Aleo Solar
- Company type: GmbH
- Industry: renewable energies
- Founded: 2001
- Headquarters: Prenzlau (Brandenburg), Germany
- Key people: Günter Schulze CEO, William Chen CSO
- Products: Photovoltaic modules
- Number of employees: 320 (01/2015)
- Parent: Sino-American Silicon Products (Taiwan)
- Website: www.aleo-solar.com

= Aleo Solar =

Aleo Solar GmbH produces and distributes solar modules and systems. It was founded in 2001. Its plant in Prenzlau, Germany, provided the company with an annual production capacity of 280 megawatts by 2015.

==Company==
The company was founded in 2001 originally as S.M.D. Solar-Manufaktur Deutschland GmbH & Co.KG in Prenzlau and started in August 2002 with the production of solar modules. In 2005, S.M.D. was renamed Aleo Solar AG. The company went public in July 2006 and is listed on the Frankfurt Stock Exchange (ISIN: DE000A0JM634). Bosch secured a majority stake in the company in 2009. The Bosch Group holds a 90% majority shareholding; the balance is free-floating. Altogether there are about 1,600 small shareholders. In April 2014, Aleo Solar AG announced its liquidation. In May 2014, the production in Prenzlau and the brand "aleo" were sold to Aleo Solar GmbH (former SCP Solar GmbH).

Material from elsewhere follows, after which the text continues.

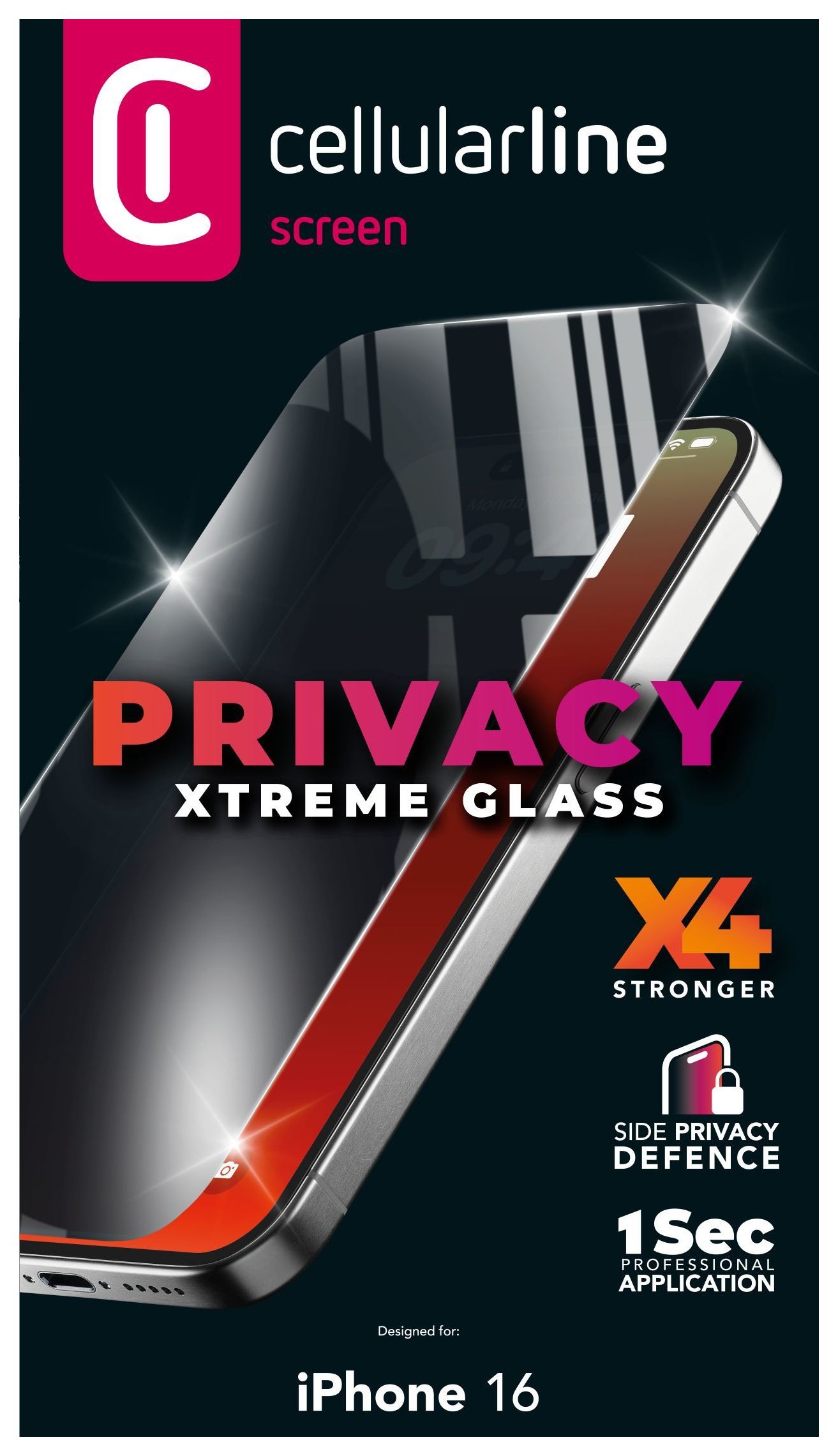 Xtreme Glass Privacy Datenschutz-Bildschirmschutz " Privacy " gehärtetes Glas für Apple iPhone 16 Fallbeständig, Schlagfest, Kratzresistent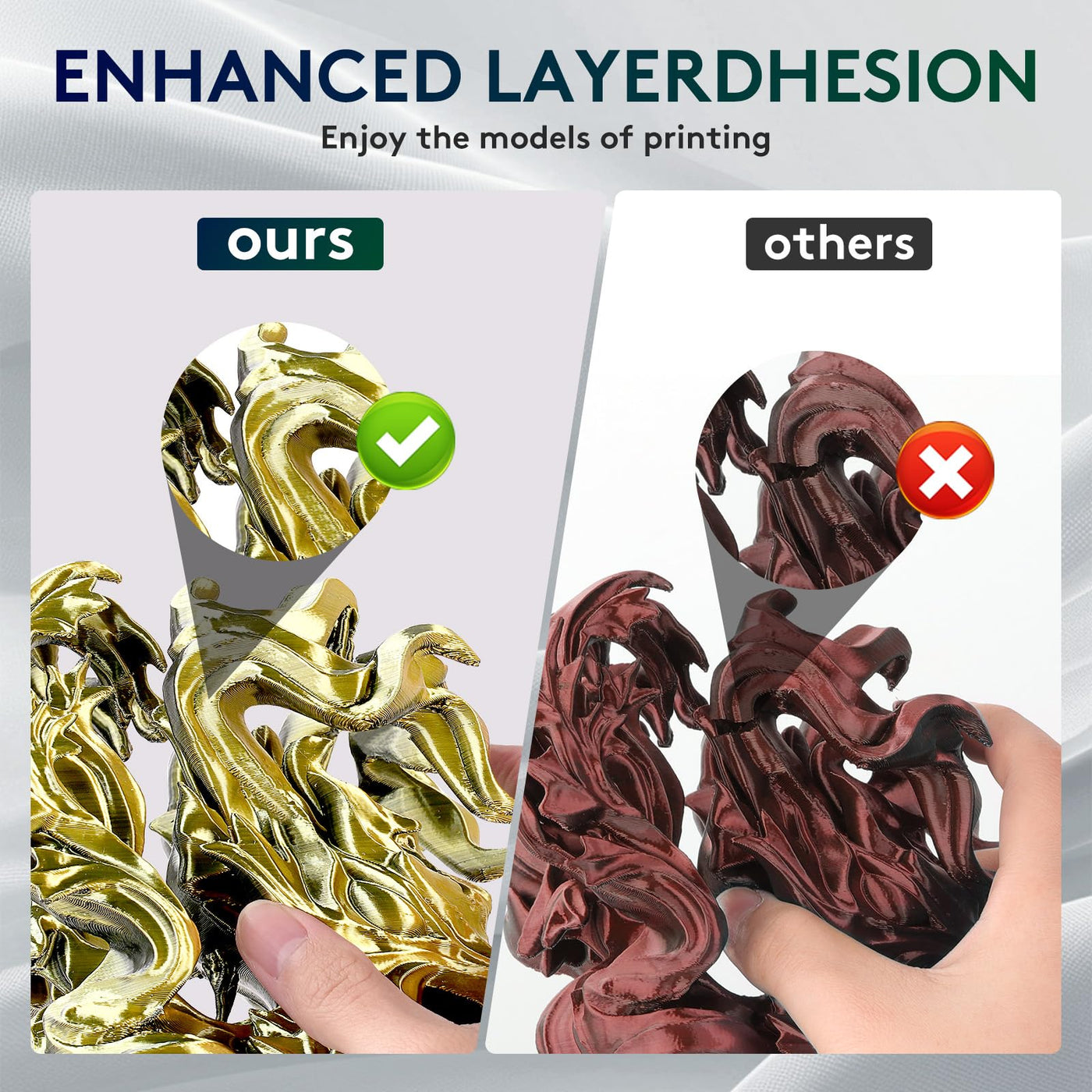 Q: What are the benefits of using Silk PLA filament for 3D printing?A: Silk PLA filament provides a stunning pearlescent finish and a gorgeous silk surface for your prints. It also features strong layer adhesion, reducing warpage and print failure, making it perfect for high-quality 3D models.

Their distribution network for solar panels covers over 65 distributors and wholesalers, across over 21 different countries.

==Facilities==
The production site is in Prenzlau. The company has established a subsidiary in Italy.

==Board==
- Günter Schulze, Managing Director (CEO)
- William Chen, Managing Director (CSO)

==Awards==
In June 2006, the Aleo Solar S_16 became the best in testing by Stiftung Warentest.
The German magazine Öko-Test (edition April 2010) awarded the Aleo S_18 with the distinction “Very Good.”